• [The problem] Strip out all images, then restate the data verbatim.

• [Available data]
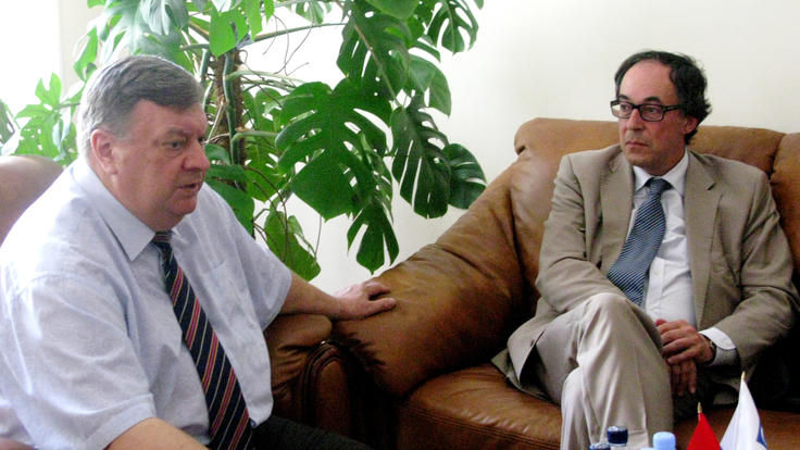 The Head of the OSCE Office in Yerevan Ambassador Andrey Sorokin (l),and Ambassador Pieter Jan Langenberg of the Embassy of the Netherlands discuss joint efforts to strengthen women’s political participation, Yerevan, 25 July 2012.
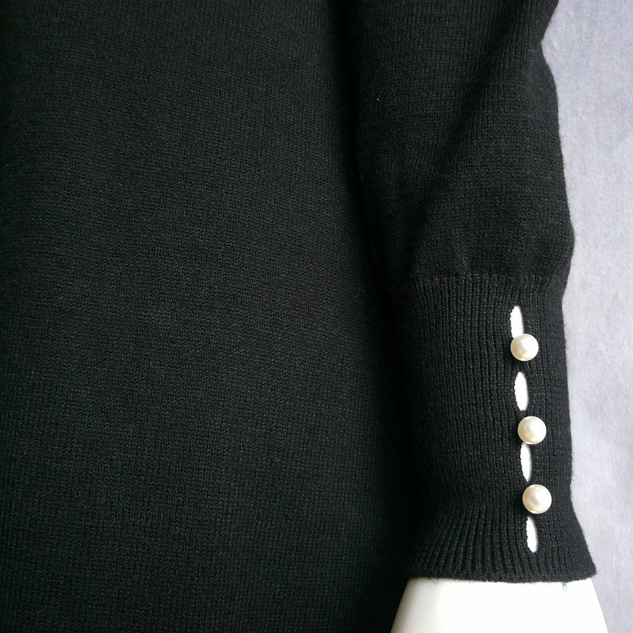 新品 9884 ML パール付き フリル ハイネック ニット チュニック ワンピース 黒系 秋 冬 レディース コクーン 上品 50代 60代 70代
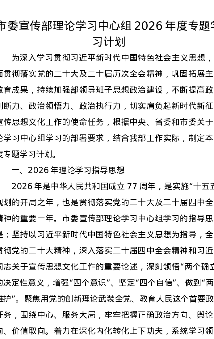 市委宣传部理论学习中心组2026年度专题学习计划
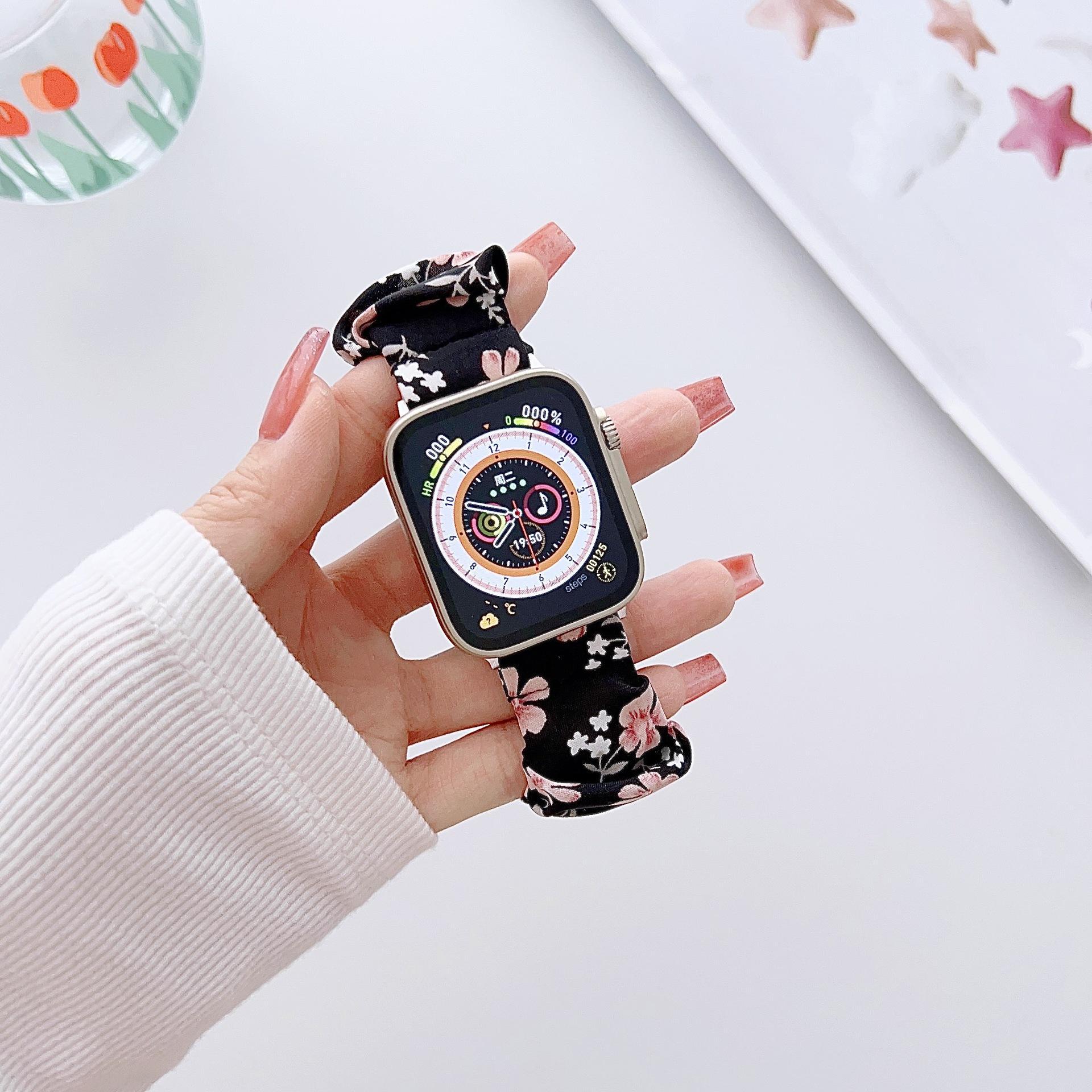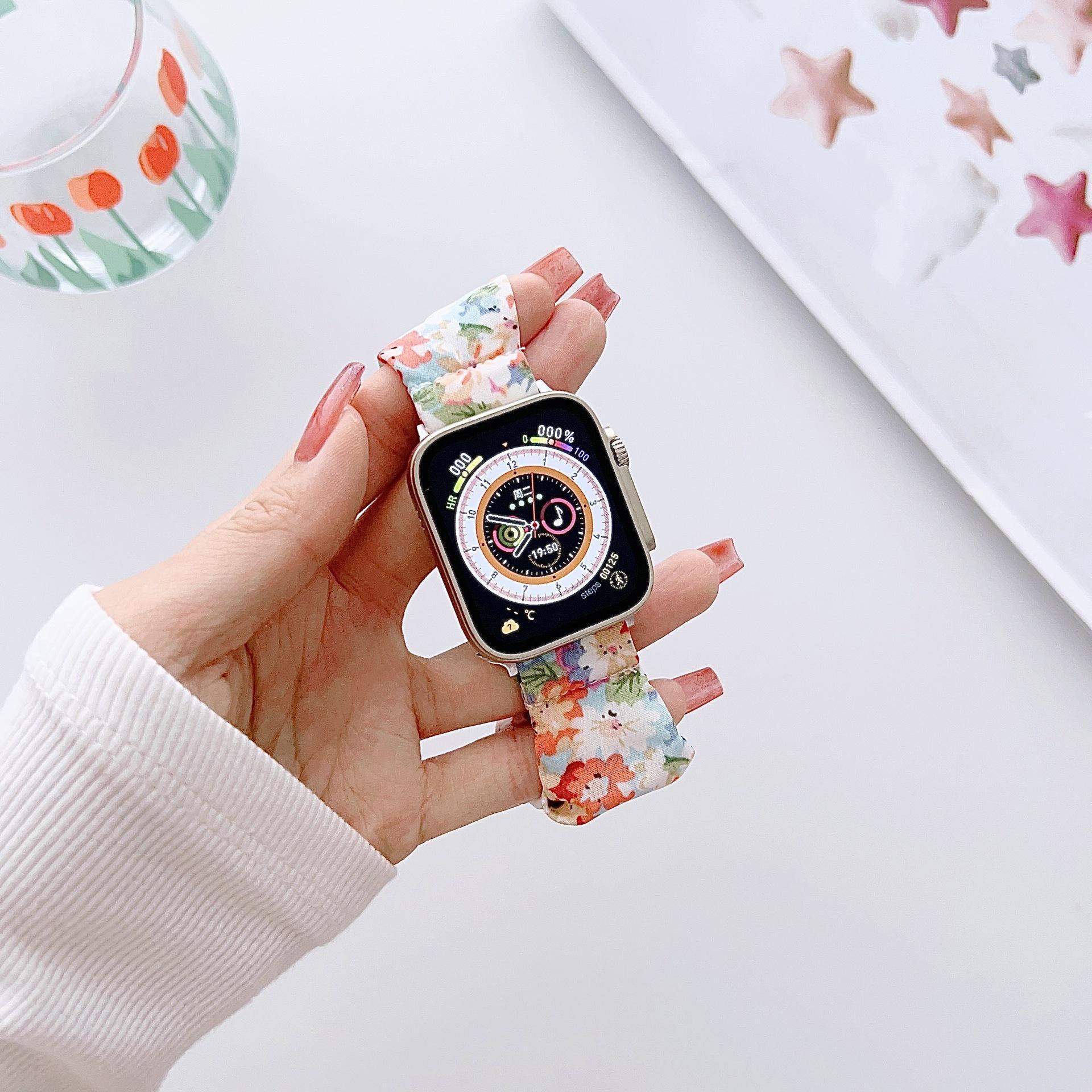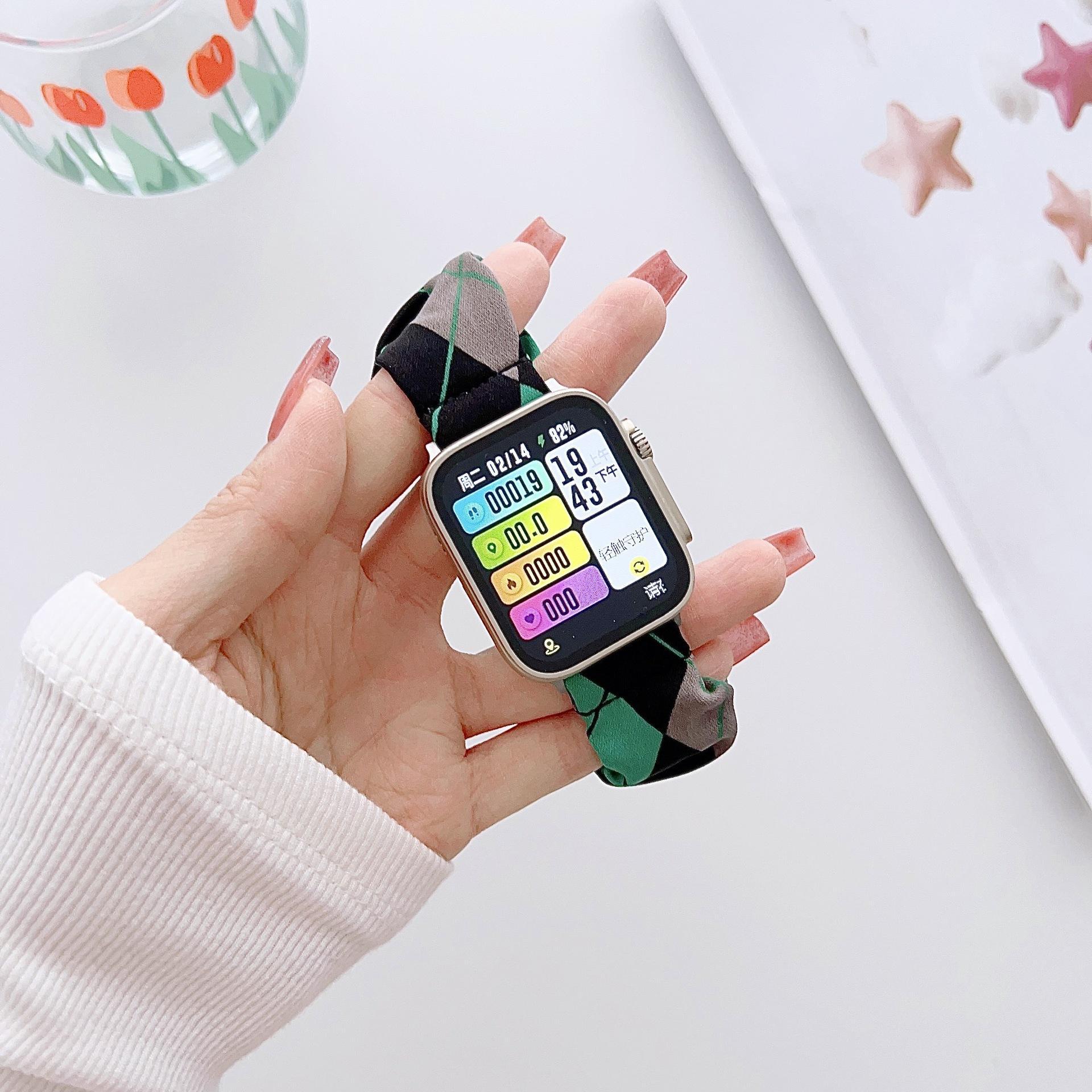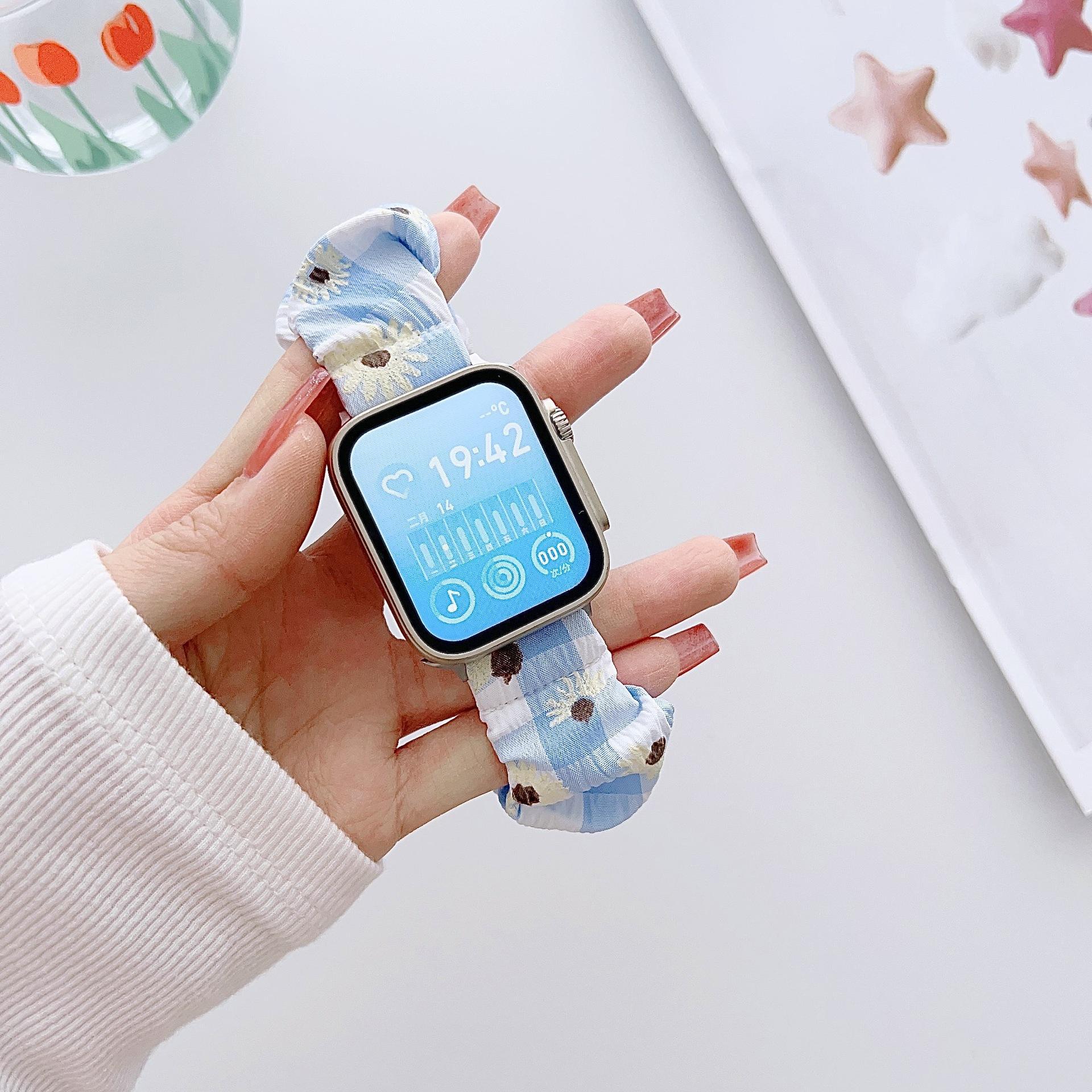 Correa elástica con pequeño anillo para el cabello fresco, adecuada para Apple Watch 8s9, correa para Apple Watch iWatch de la generación SE para mujeres.

• [Response]
 The Head of the OSCE Office in Yerevan Ambassador Andrey Sorokin (l),and Ambassador Pieter Jan Langenberg of the Embassy of the Netherlands discuss joint efforts to strengthen women’s political participation, Yerevan, 25 July 2012.
 新品 9884 ML パール付き フリル ハイネック ニット チュニック ワンピース 黒系 秋 冬 レディース コクーン 上品 50代 60代 70代
 市委宣传部理论学习中心组2026年度专题学习计划
 Correa elástica con pequeño anillo para el cabello fresco, adecuada para Apple Watch 8s9, correa para Apple Watch iWatch de la generación SE para mujeres.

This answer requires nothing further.